Based upon, subject to and limited by the foregoing, we are of the opinion that the Notes have been duly authorized on behalf of the Company, and that, following (i) receipt by the Company of the consideration therefor specified in the Underwriting Agreement (the “Agreement”) dated March 31, 2022, by and among the Company and BofA Securities, Inc., J.P. Morgan Securities LLC and PNC Capital Markets LLC, as representatives of the several underwriters named therein, and (ii) the due execution, authentication, issuance and delivery of the Notes pursuant to the terms of the Indenture and the applicable Supplemental Indenture, and as contemplated by the Prospectus Supplement, the Notes will constitute valid and binding obligations of the Company.

The opinion expressed above with respect to the valid and binding nature of obligations may be limited by bankruptcy, insolvency, reorganization, receivership, moratorium or other laws affecting creditors’ rights (including, without limitation, the effect of statutory and other law regarding fraudulent conveyances, fraudulent transfers and preferential transfers) and by the exercise of judicial discretion and the application of principles of equity, good faith, fair dealing, reasonableness, conscionability and materiality (regardless of whether the Notes are considered in a proceeding in equity or at law).


Board of Trustees

American Homes 4 Rent

   - 3 -    April 1, 2022

 

This opinion letter has been prepared for use in connection with the filing by American Homes 4 Rent, a Maryland real estate investment trust, and the Company of a Current Report on Form 8-K on the date hereof (the “Form 8-K”), which Form 8-K will be incorporated by reference into the Registration Statement and the Prospectus Supplement, and speaks as of the date hereof.

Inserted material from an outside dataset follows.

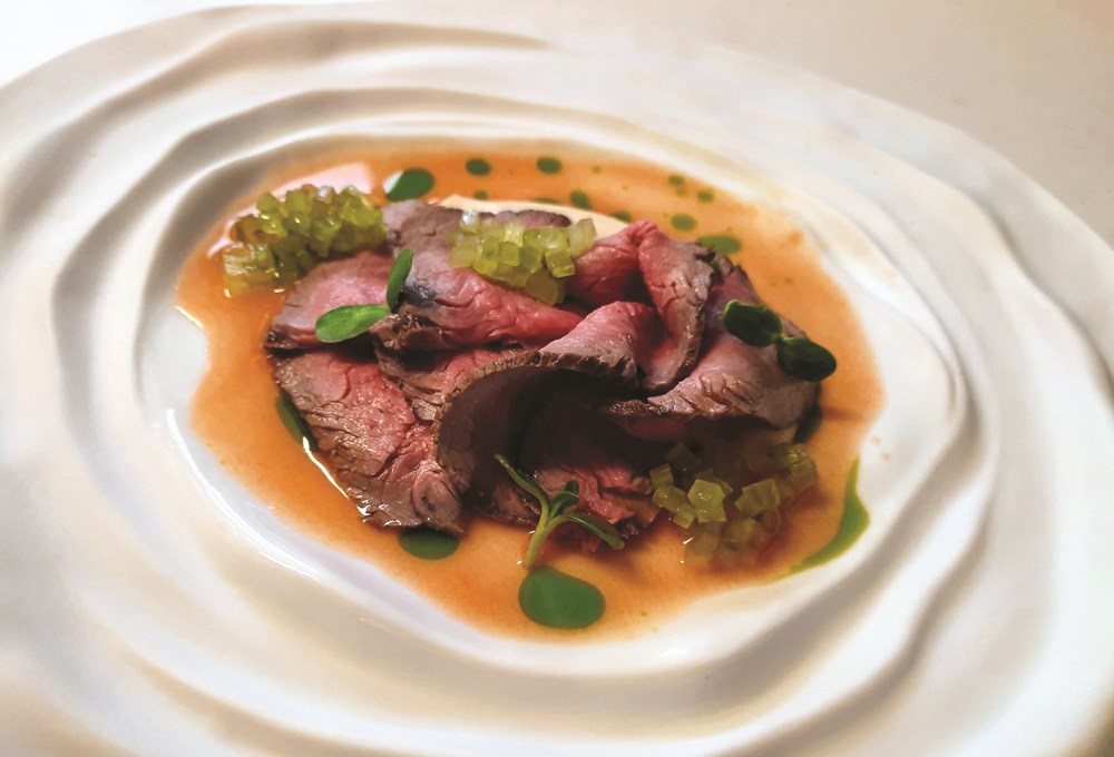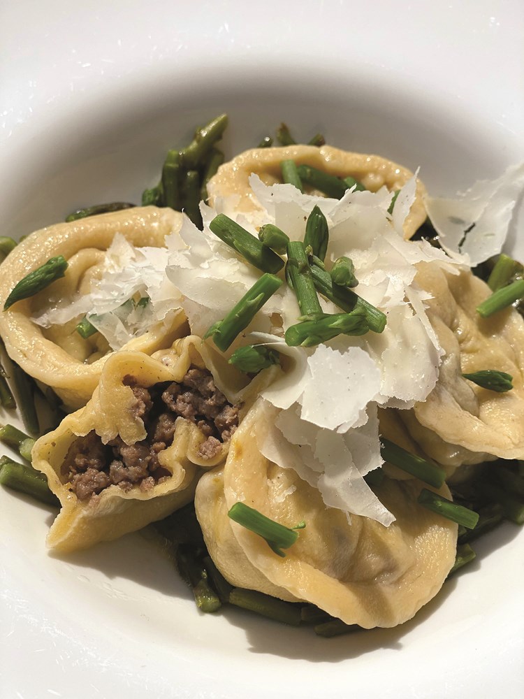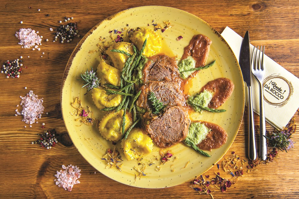 Meso boškarina izrezano na fete poslužimo s raviolima i šugom od povrća i šparoga.

We assume no obligation to advise of any changes in the foregoing subsequent to the delivery of this opinion letter.

We hereby consent to the filing of this opinion letter as Exhibit 5.1 to the Form 8-K, and to the reference to this firm under the caption “Legal Matters” in the Prospectus Supplement constituting a part of the Registration Statement. In giving this consent, we do not thereby admit that we are an “expert” within the meaning of the Act.